Bridget, she of the Scandinavian green eyes and strawberry blond hair, with her perfect teeth and botanical Latin, would design it. Her husband, a landscaper who specialized in garden construction, would build it. One contractor, no hassle. That’s the way we like it.
Bridget had promised us a preliminary plan in two weeks. As it was just early summer, we had plenty of time. Our goal was to have construction started by Labor Day; that would allow plenty of time to complete the project before the autumn rains turned our yard into a quagmire of slick yellow clay. We really wanted the garden completed by fall, because we were eager to get early potatoes, peas, and spinach planted the following March.
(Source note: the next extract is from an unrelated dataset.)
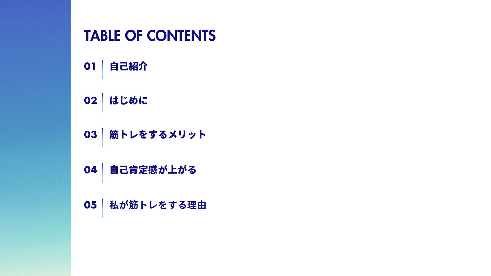 03 01 02 04 05 TABLE OF CONTENTS 筋トレをするメリット 自己紹介
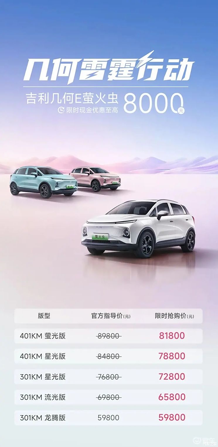 吉利汽车旗下几何E萤火虫车型近日推出了限时优惠活动。购车者在7月6日至31日期间购买该车,可享受最高8000元的现金优惠。此外,官方还提供了首任个人非营运车主三电终身质保、24期0首付以及年费率0.99%的先享后付等购车权益。

If construction was delayed till spring, who knew when it would be completed, and we would lose a half year of crops. Bridget readily agreed that Labor Day was no problem.
Two weeks came and went, then three. No plan. Two months passed. Finally Bridget called. She had the plans, behind schedule, she acknowledged, but worth waiting for. A few days later, Bridget arrived, still late, breathless, and blond. And smelling of the earth, of a fresh potato patch. She unrolled a large, professional-looking blueprint onto the kitchen table, smoothing it out under her dirty fingernails. It was a lovely work of art, with carefully drawn circles for shrubs, and smaller circles for plants, and little curly things for flowers, with (of course) Latin names indicated for everything. The content, however, was not what I had envisioned. Her design was essentially rows of rectangular beds, separated by two grass paths running up the middle and transversely across the garden. There were some nice touches: where the paths intersected, she had put in stone circles with birdbaths or ornaments, and she had a nice stone staircase descending to the sunken garden. It was a perfectly fine garden, it was just a little… I struggled for a word, just the right word, as Bridget nervously studied my face. “Cartesian,” I said.